The conditions are close to ideal. Sites are remote, making labour expensive and difficult to retain. Environments are hazardous, so removing people from them has safety value beyond cost. Equipment is enormously expensive, so unplanned downtime is measured in hundreds of thousands of dollars per day. Operations are repetitive and physically constrained, which suits autonomy. And the data environment is rich, with heavily instrumented equipment generating continuous telemetry.

Critically, outcomes are measurable. Tonnes moved, equipment availability, ore grade recovered and fuel consumed are all quantified, so the return on any system is verifiable rather than assumed.

What is actually deployed:

Autonomous haulage is the flagship application. Fleets of driverless trucks operate at scale in Australia's iron ore regions, in Chilean copper mines and elsewhere, controlled from operations centres that may be a thousand kilometres away.

Automated drilling and blasting, autonomous trains, and remote-operated underground equipment are similarly established, with underground operations particularly valuable because they remove people from the most dangerous environments.
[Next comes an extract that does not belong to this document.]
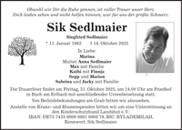 Obwohl wir Dir die Ruhe gönnen, ist voller Trauer unser Herz. Dich leiden sehen und nicht helfen können, war für uns der größte Schmerz. Sik Sedlmaier Siegfried Sedlmaier * 11. Januar 1962 + 14. Oktober 2025 In Liebe: Marina Mutter Anna Sedlmaier Max mit Familie Kathi mit Finnja Sepp und Marion Sabrina und Jacky mit Familie Die Trauerfeier findet am Freitag, 31. Oktober 2025, um 14.00 Uhr am Friedhof in Buch am Erlbach mit anschließender Urnenbeisetzung statt. Von Beileidsbekundungen am Grab bitten wir abzusehen. Anstelle von Kranz- und Blumenspenden bitten wir um eine Unterstützung an den Kinderschutzbund Landshut e. V.: IBAN: DE***, BIC: BYLADEMILAH, Kennwort: Sik Sedlmaier.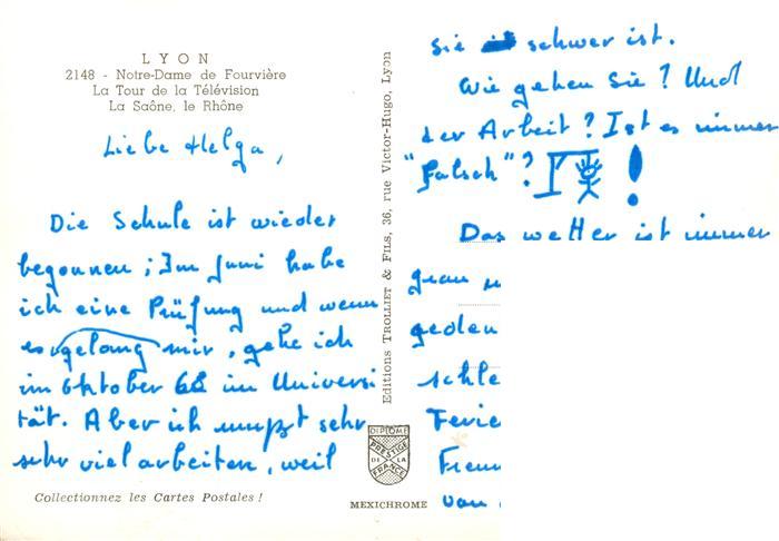 13882661 Lyon 69 Rhone Notre Dame de Fourviere La Tour de la Television La Saone le Rhone Vue aerienne postalisch nicht gelaufen Erhaltung siehe scans [WerneD78] Wern Katcode 11170069169123

Predictive maintenance is ubiquitous, using vibration, temperature, oil analysis and acoustic data to forecast failures before they occur.
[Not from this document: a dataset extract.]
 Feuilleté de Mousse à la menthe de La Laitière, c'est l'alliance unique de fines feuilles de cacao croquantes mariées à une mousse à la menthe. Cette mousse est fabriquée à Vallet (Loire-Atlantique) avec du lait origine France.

Geological modelling and exploration targeting apply machine learning to seismic, geochemical and satellite data to identify prospective deposits, reducing the cost of exploration drilling.

Process optimisation in concentration and smelting adjusts operating parameters continuously to maximise recovery, and small percentage improvements translate into large sums at industrial scale.

Computer vision handles ore sorting, equipment inspection and safety monitoring, including detecting whether workers are in hazardous zones.

Where it happens:

Australia leads in autonomous scale, particularly in Western Australian iron ore. Chile and Peru lead in copper automation. Canada, South Africa and Sweden have deep expertise, South Africa in deep-level mining specifically and Sweden in automated underground operations.

The technology diffuses through international mining companies operating globally, which is why sophisticated systems appear in Zambia, the DRC, Mongolia and Kazakhstan even where domestic technology sectors are minimal.

The uncomfortable dimensions:

Automation reduces employment in regions where mining is often the principal formal employer, and the jobs that remain require different skills. This has produced genuine political friction in mining communities.

Mining also supplies the physical inputs for the AI build-out itself: copper for electrical infrastructure, cobalt and lithium for batteries, rare earths for electronics. The industry is both a user of AI and a supplier to it.

The human rights and environmental problems in parts of the supply chain, particularly artisanal cobalt mining, are not solved by automation, which happens in large industrial operations rather than in the informal sector where the worst conditions exist.

The lesson:

Mining demonstrates that AI delivers most where outcomes are measurable, environments are controlled, errors are recoverable and the economics are large enough to fund proper engineering.

Those conditions are less common than the enthusiasm around general-purpose AI suggests, and identifying them accurately is the difference between deployments that pay and pilots that quietly end.